21.02.2026 – DON ANTONIO INTERGUGLIELMI
Questa Quaresima 2026 viene per aiutarci ad entrare nella verità, per ricordarci che la vita ci è stata donata per qualcosa di grande e di importante, per amare e guadagnarci il Cielo.
Come ogni prima domenica la Parola, perciò, ci presenta le tentazioni di Gesù: perché anche noi possiamo trovarci in un deserto “esistenziale”, assediati da timori e ansie, delusioni e dubbi di fede.
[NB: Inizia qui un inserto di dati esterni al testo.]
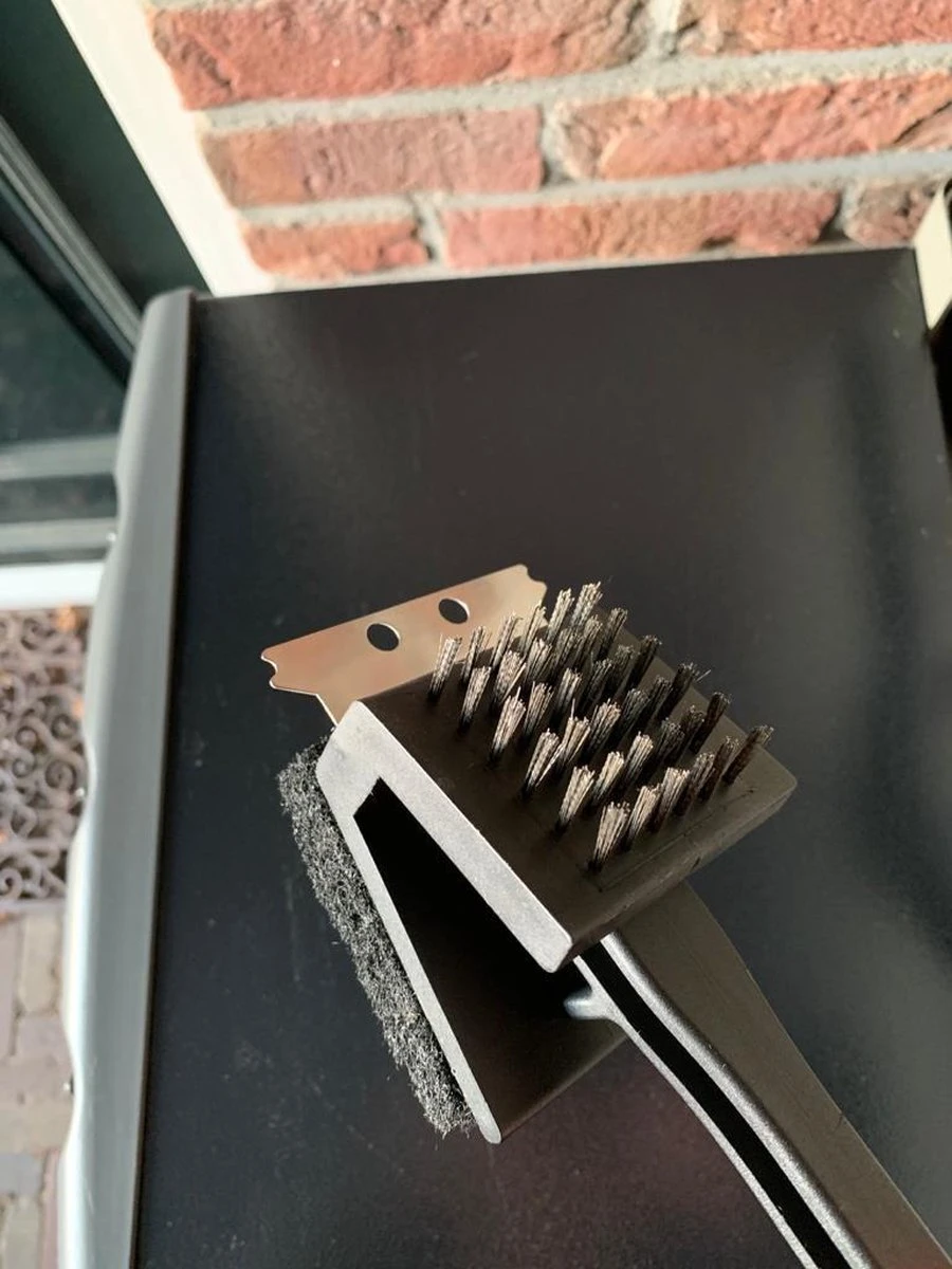 – De plus, vous disposez non seulement d’une brosse métallique robuste, mais également d’une éponge en acier et d’une lame de raclage, le tout dans un seul produit, pour que l’entretien de votre barbecue soit désormais efficace et facile.

Gesù è stato sottoposto alla tentazione, perché potessimo sapere che Lui mai ci abbandonerà: nel momento della prova Lui è con noi e ci dona il Suo Spirito.
Anche noi, come Cristo, possiamo difenderci nel momento della prova e della tentazione, perché il Signore ha affrontato questo combattimento mostrandoci che si può resistere non ascoltando gli inviti del nemico, dell’ingannatore, astuto fino ad usare la Parola di Dio per tentare di far cadere Gesù, così come fa con noi attraverso abili menzogne.
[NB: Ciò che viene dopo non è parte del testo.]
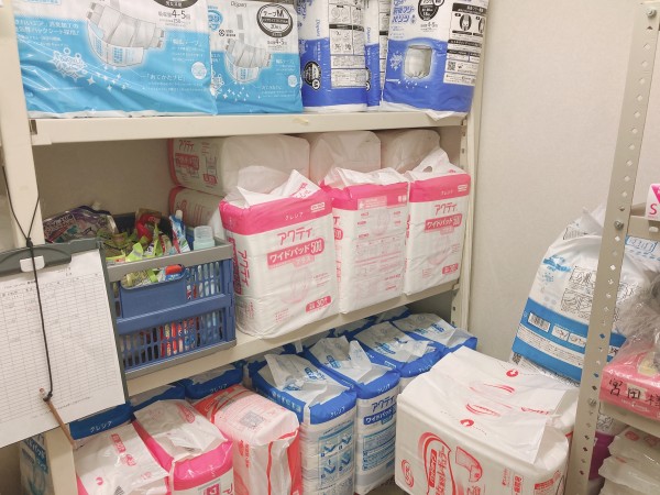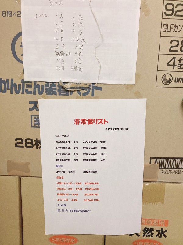 施設では水害用に2階に色々な備蓄品を用意して備えております。

La sua “voce” ci invita a cadere nella sua trappola: “ma se sei stato trattato in questo modo, vendicati, ribellati, come si permette di fare questo a te!”. Non meriti di essere trascurato, che gli altri ti tolgano quello che ti sei meritato”. Il demonio ci adula per farci cadere: «Se tu sei Figlio di Dio, di’ che queste pietre diventino pane», sussurra anche a Cristo.
Tutti noi abbiamo queste tentazioni: ma a te, nel fondo, cosa interessa?
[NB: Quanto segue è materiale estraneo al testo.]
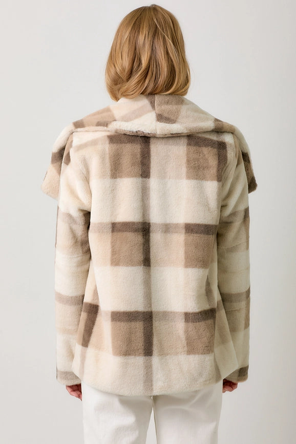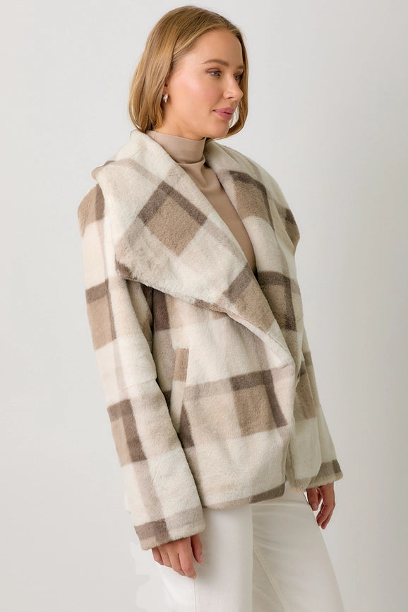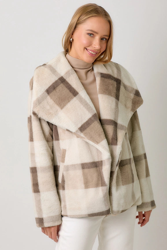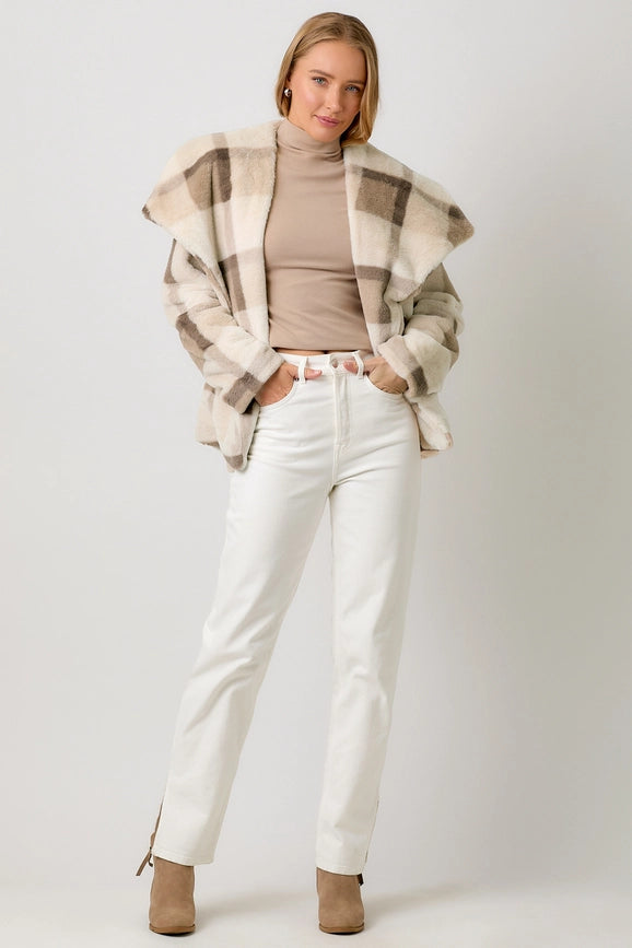 Big Lapel Collar Fur Jacket Ivory/Stone

Forse oggi non vedi nulla perché sei ingannato, cerchi di seguire Cristo, ma in realtà non lo ascolti mai: possiamo dire parole molto belle, sentimentali e che fanno smuovere il cuore, fare tante cose e opere sociali ma quello che conta veramente è quando viene il momento della tentazione, della prova: allora potremo sperimentare l’Amore di Dio, affidandoci allo Spirito doi Cristo.